WORK REQUIRED: Copy the entries exactly. Their pictures do not belong in the copy.

RECORDS FOR THE TASK:
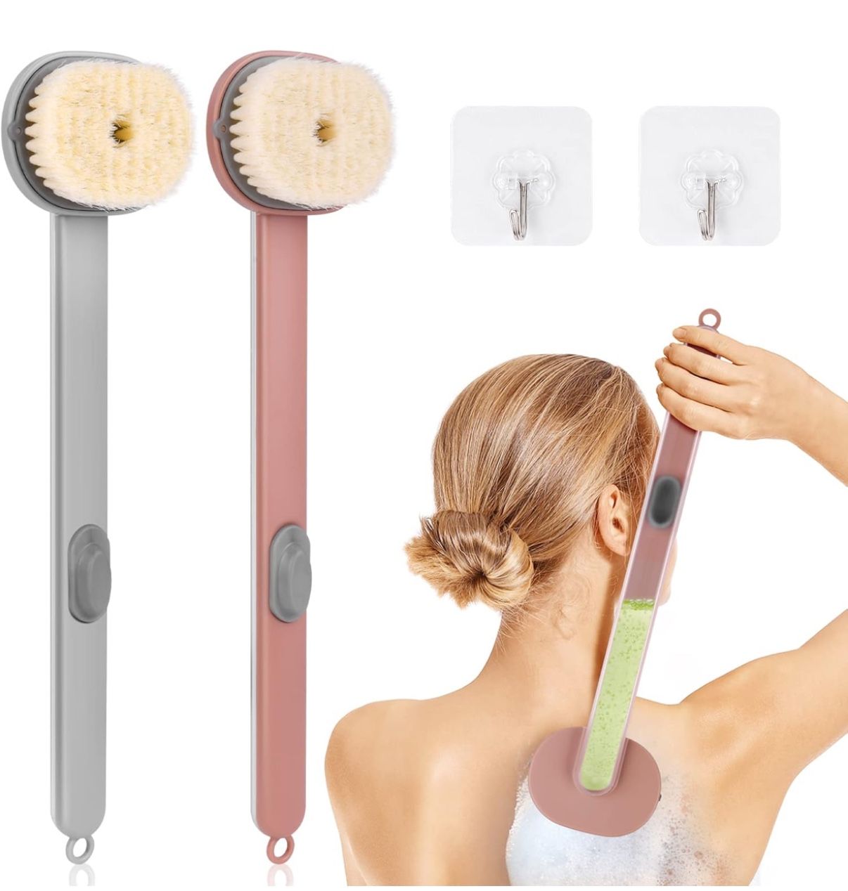 Material Plastic Brand Ainiv Color Grey & Pink Power Source Manual Product Benefits Massaging, Rejuvenating Skin Type Sensitive đ§śăSOFT NYLON BRISTLESăThe bath brush is made of more than 1000 PBT microfibers, soft and non-invasive to the skin. It will not make you feel tingling and will not leave visible scratches on your skin. Comfy denser nylon bristles can protect sensitive skin and deeply clean dirt from the skin surface, perfect for relaxing muscles and relieve stress. đ§´ăSTORABLE BODY WASHăOur shower scrubber is built-in shower gel container. You can open the cover on top of the handle, pour the body wash into the handle to prevent excessive exposure to air, making it more hygienic and safer. When washing the body, just press the button on the handle, and the brush head will spray the built-in shower gel to achieve cleaning the back easily without help. đăDEEP CLEANINGăAiniv back scrubber with soft bristles is able to carry away dirt from the skin surface when it touches the skin, reducing damage to the skin and relieving itching and redness to achieve skin exfoliation and make you have a smooth skin. đăMASSAGE FOR RELAXATIONăBy rubbing the body back and forth repeatedly, this cleaning brush can play the role of massage. It can have a massage effect and relax the mind. Cleaning brush is the easiest and most timeless option for boosting lymph flow, and rejuvenating your body. âăEASY HANGING TO DRYăLong handled bath brush with non-porous sticky hook and convenient hanging hole design is easy hanging to dry. Just rinse after use and hang the brush up by the hole for drip drying or air drying. đăGUARANTEE AND RETURNă: đTipsđSqueeze during transportation may cause the bristles to be squashed. Don't worry, soaking in hot water can make it back to normal.Feel free to contact us if for any reason you are not completely satisfied with our Shower Brush, we will get back to you with an satisfying reply as soon as possibl
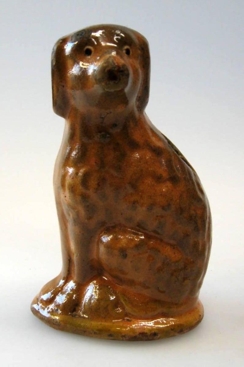 Sparebøsse i ler, Bornhom, 19. årh. I form af en siddende hund. Gulbrun glasur. Med revner - efter forsøg på åbning. H.: 13 cm.
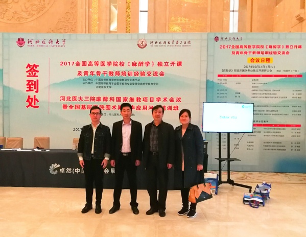 由中国高等教育学会医学教育专业委员会主办,中国高等教育学会医学教育专业委员会麻醉教育学组、河北医科大学承办的“2017全国高等医公司校《麻醉学》独立开课及青年骨干教师培训经验交流会”于10月13—14日在河北省石家庄市举行。英国正版365官方网站硕士学位点负责人金孝岠、副经理马同军等4名教师参加了此次交流会。
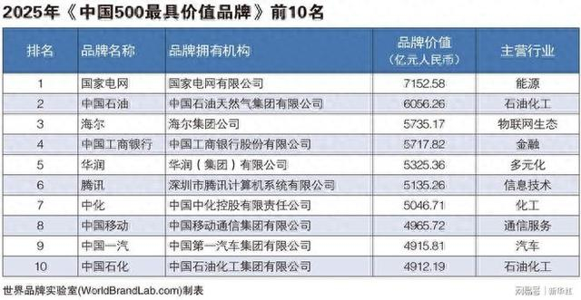 第22届世界品牌大会于6月18日在北京举行。主办方世界品牌实验室(World Brand Lab)发布了2025年《中国500最具价值品牌》分析报告。在这份基于财务数据、品牌强度和消费者行为分析的年度报告中,国家电网以7152.58亿元的品牌价值,荣登本年度最具价值品牌榜首。占据榜单前五名的还有中国石油(6056.26亿元)、海尔(5735.17亿元)、中国工商银行(5717.82亿元)、华润(5325.36亿元),这些品牌已经迈进世界级品牌阵营。来自哈佛、耶鲁、剑桥、麻省理工学院、北京大学的管理大师们,共同出席了世界品牌大会并做主题演讲,并围绕“人工智能革命背景下的全球品牌战略与数字供应链管理”的主题,与现场600位企业家和经理人互动研讨。
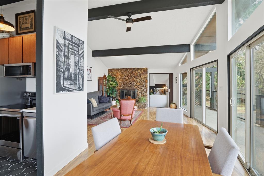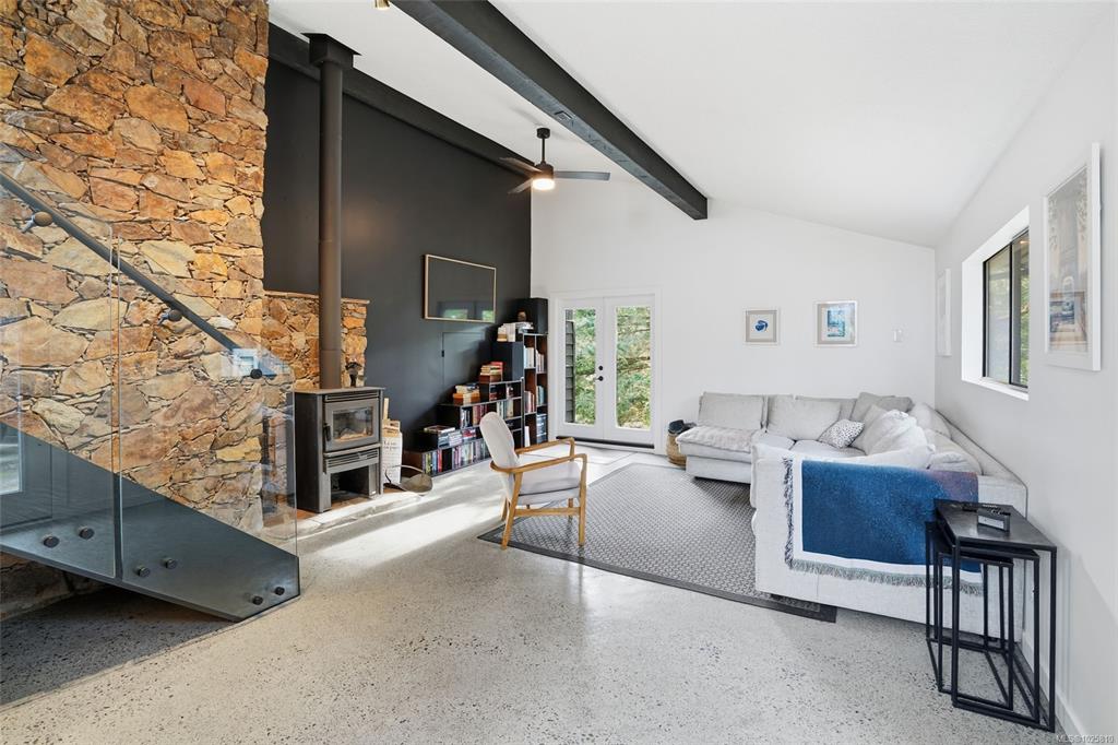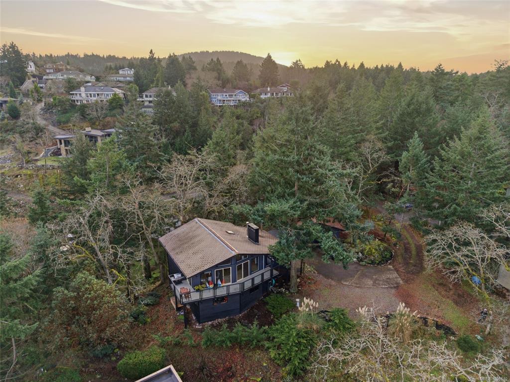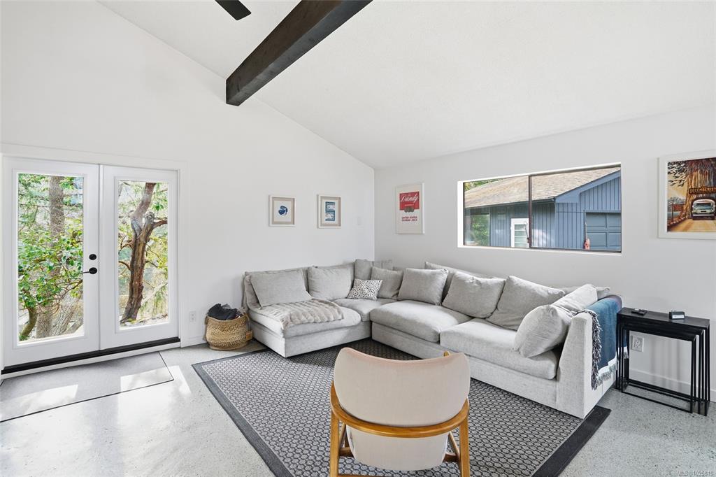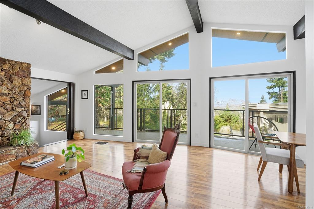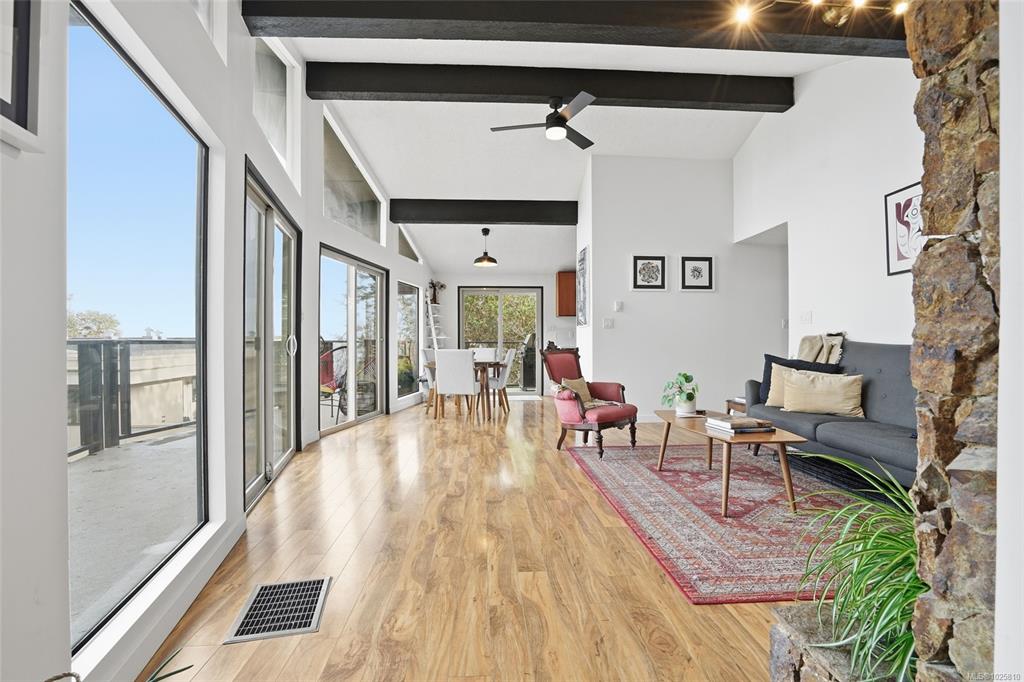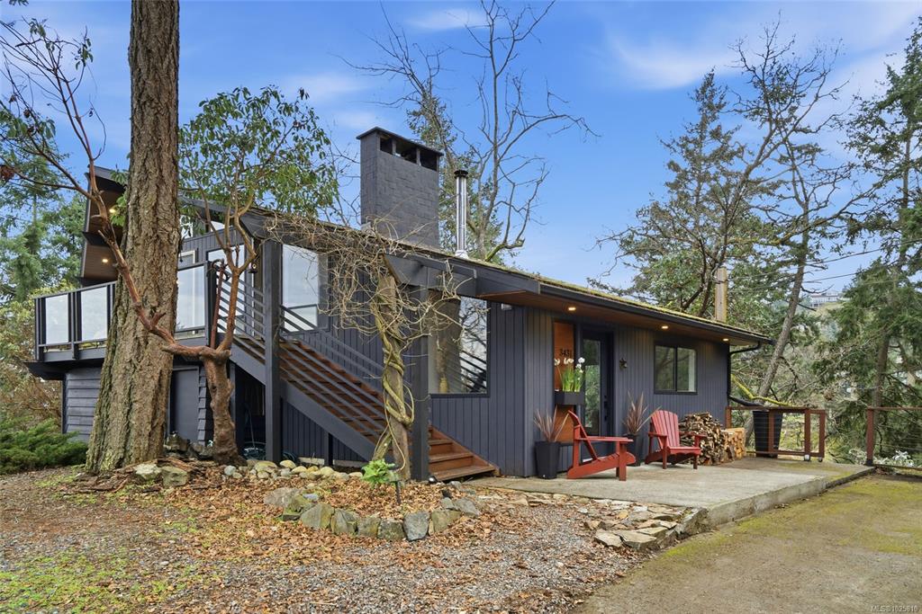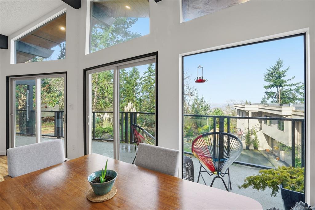 Minutes from Schooner Cove Marina on Vancouver Island you will find this charming West Coast home with Ocean and Mountain views. Accessed by a private driveway and blending high ceilings and large windows with natural surroundings, this beautifully-designed home features open plan living with post-and-beam construction. Numerous windows and sliding doors frame the captivating forest views, and extensive use of local wood allows for seamless indoor-outdoor living. Living/Dining/Kitchen on the main level flow...
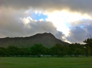 The rain has paused and yesterday I jogged around Kapiolani Park — stopping to take photos — loving the sunlit green grass. Actually, just loving the GREEN. New Life! Hope! And I pray for the Greening of our Country, and our World.
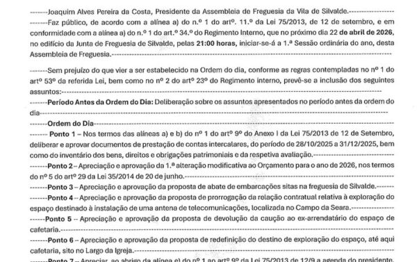 Junta de Freguesia de Silvalde > 2026 > Abril
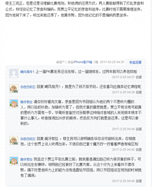 行了我要说的就是如此了,贾立平看情况应该是没有作弊,但是他利用了游戏的漏洞,用逆还原去完成了比赛,违背了魔方推理和记忆的基本原则,就这一点上来说,他的获胜应该算无效。包括节目组也该反思一下,有些选手具有多种能力,那么你们在出考题的时候,就一定要谨慎,最好不要去跨界搞一些脑残项目。比如,你出个主要依靠记忆和次要观察相结合的项目,然后让水哥和老外PK,水哥如果因为记忆输了比赛,难道这也算公平?
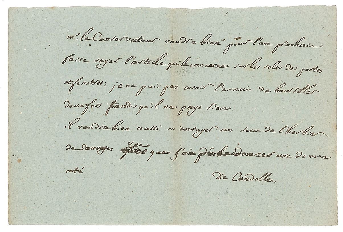 ALS in French, signed “De Candolle,” one page, 7 x 4.5, no date. Letter to the curator of a museum, in part (translated): "For next year, Mr. Curator will kindly have his entry on the roles of doors and windows crossed out; I cannot have the trouble…twice while the work is paid nothing. He will also kindly send me…the wildflower herbarium." In very good to fine condition, with light creasing, and faint toning along the central vertical fold.
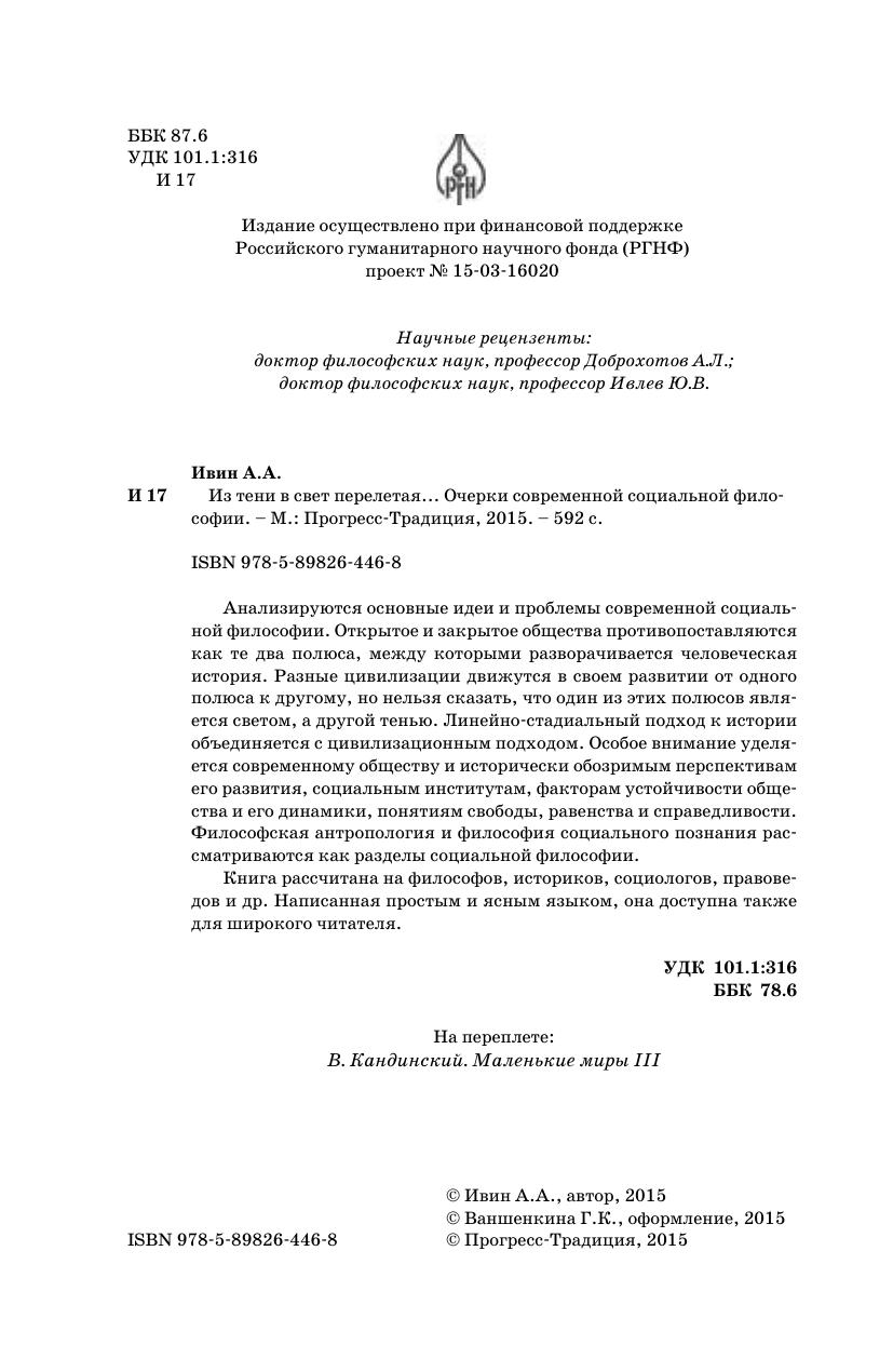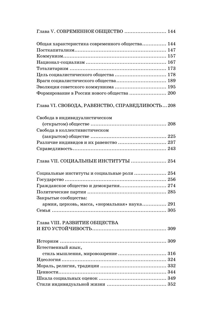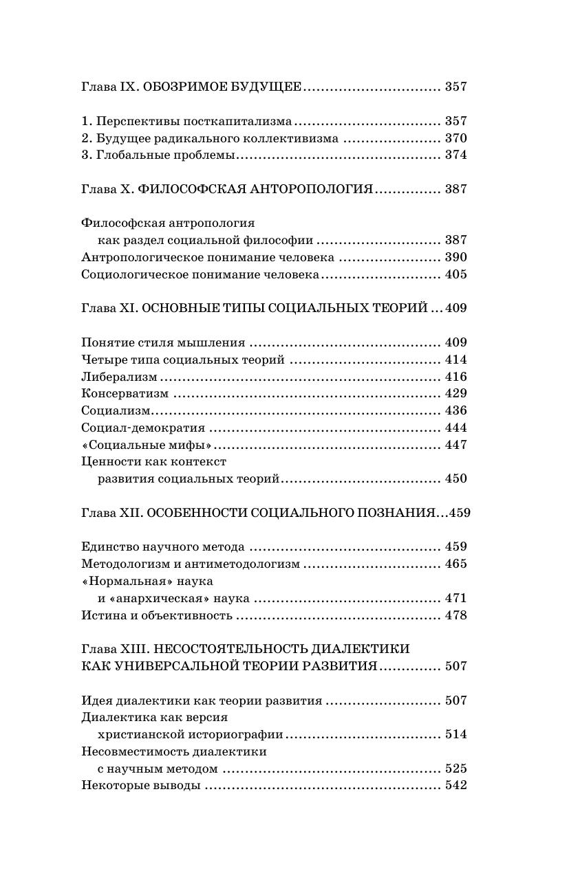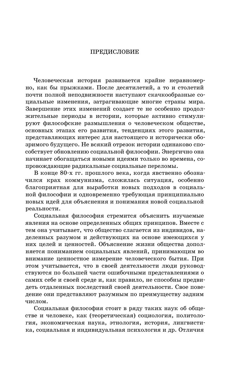 Анализируются основные идеи и проблемы современной социальной философии. Открытое и закрытое общества противопоставляются как те два полюса, между которыми разворачивается человеческая история. Разные цивилизации движутся в своем развитии от одного полюса к другому, но нельзя сказать, что один из этих полюсов является светом, а другой тенью. Линейно-стадиальный подход к истории объединяется с цивилизационным подходом. Особое внимание уделяется современному обществу и исторически обозримым перспективам его развития, социальным институтам, факторам устойчивости общества и его динамики, понятиям свободы, равенства и справедливости. Философская антропология и философия социального познания рассматриваются как разделы социальной философии.

SOLUTION TO THE EXERCISE:
 Material Plastic Brand Ainiv Color Grey & Pink Power Source Manual Product Benefits Massaging, Rejuvenating Skin Type Sensitive đ§śăSOFT NYLON BRISTLESăThe bath brush is made of more than 1000 PBT microfibers, soft and non-invasive to the skin. It will not make you feel tingling and will not leave visible scratches on your skin. Comfy denser nylon bristles can protect sensitive skin and deeply clean dirt from the skin surface, perfect for relaxing muscles and relieve stress. đ§´ăSTORABLE BODY WASHăOur shower scrubber is built-in shower gel container. You can open the cover on top of the handle, pour the body wash into the handle to prevent excessive exposure to air, making it more hygienic and safer. When washing the body, just press the button on the handle, and the brush head will spray the built-in shower gel to achieve cleaning the back easily without help. đăDEEP CLEANINGăAiniv back scrubber with soft bristles is able to carry away dirt from the skin surface when it touches the skin, reducing damage to the skin and relieving itching and redness to achieve skin exfoliation and make you have a smooth skin. đăMASSAGE FOR RELAXATIONăBy rubbing the body back and forth repeatedly, this cleaning brush can play the role of massage. It can have a massage effect and relax the mind. Cleaning brush is the easiest and most timeless option for boosting lymph flow, and rejuvenating your body. âăEASY HANGING TO DRYăLong handled bath brush with non-porous sticky hook and convenient hanging hole design is easy hanging to dry. Just rinse after use and hang the brush up by the hole for drip drying or air drying. đăGUARANTEE AND RETURNă: đTipsđSqueeze during transportation may cause the bristles to be squashed. Don't worry, soaking in hot water can make it back to normal.Feel free to contact us if for any reason you are not completely satisfied with our Shower Brush, we will get back to you with an satisfying reply as soon as possibl
 Sparebøsse i ler, Bornhom, 19. årh. I form af en siddende hund. Gulbrun glasur. Med revner - efter forsøg på åbning. H.: 13 cm.
 由中国高等教育学会医学教育专业委员会主办,中国高等教育学会医学教育专业委员会麻醉教育学组、河北医科大学承办的“2017全国高等医公司校《麻醉学》独立开课及青年骨干教师培训经验交流会”于10月13—14日在河北省石家庄市举行。英国正版365官方网站硕士学位点负责人金孝岠、副经理马同军等4名教师参加了此次交流会。
 第22届世界品牌大会于6月18日在北京举行。主办方世界品牌实验室(World Brand Lab)发布了2025年《中国500最具价值品牌》分析报告。在这份基于财务数据、品牌强度和消费者行为分析的年度报告中,国家电网以7152.58亿元的品牌价值,荣登本年度最具价值品牌榜首。占据榜单前五名的还有中国石油(6056.26亿元)、海尔(5735.17亿元)、中国工商银行(5717.82亿元)、华润(5325.36亿元),这些品牌已经迈进世界级品牌阵营。来自哈佛、耶鲁、剑桥、麻省理工学院、北京大学的管理大师们,共同出席了世界品牌大会并做主题演讲,并围绕“人工智能革命背景下的全球品牌战略与数字供应链管理”的主题,与现场600位企业家和经理人互动研讨。
 Minutes from Schooner Cove Marina on Vancouver Island you will find this charming West Coast home with Ocean and Mountain views. Accessed by a private driveway and blending high ceilings and large windows with natural surroundings, this beautifully-designed home features open plan living with post-and-beam construction. Numerous windows and sliding doors frame the captivating forest views, and extensive use of local wood allows for seamless indoor-outdoor living. Living/Dining/Kitchen on the main level flow...
 The rain has paused and yesterday I jogged around Kapiolani Park — stopping to take photos — loving the sunlit green grass. Actually, just loving the GREEN. New Life! Hope! And I pray for the Greening of our Country, and our World.
 Junta de Freguesia de Silvalde > 2026 > Abril
 行了我要说的就是如此了,贾立平看情况应该是没有作弊,但是他利用了游戏的漏洞,用逆还原去完成了比赛,违背了魔方推理和记忆的基本原则,就这一点上来说,他的获胜应该算无效。包括节目组也该反思一下,有些选手具有多种能力,那么你们在出考题的时候,就一定要谨慎,最好不要去跨界搞一些脑残项目。比如,你出个主要依靠记忆和次要观察相结合的项目,然后让水哥和老外PK,水哥如果因为记忆输了比赛,难道这也算公平?
 ALS in French, signed “De Candolle,” one page, 7 x 4.5, no date. Letter to the curator of a museum, in part (translated): "For next year, Mr. Curator will kindly have his entry on the roles of doors and windows crossed out; I cannot have the trouble…twice while the work is paid nothing. He will also kindly send me…the wildflower herbarium." In very good to fine condition, with light creasing, and faint toning along the central vertical fold.
 Анализируются основные идеи и проблемы современной социальной философии. Открытое и закрытое общества противопоставляются как те два полюса, между которыми разворачивается человеческая история. Разные цивилизации движутся в своем развитии от одного полюса к другому, но нельзя сказать, что один из этих полюсов является светом, а другой тенью. Линейно-стадиальный подход к истории объединяется с цивилизационным подходом. Особое внимание уделяется современному обществу и исторически обозримым перспективам его развития, социальным институтам, факторам устойчивости общества и его динамики, понятиям свободы, равенства и справедливости. Философская антропология и философия социального познания рассматриваются как разделы социальной философии.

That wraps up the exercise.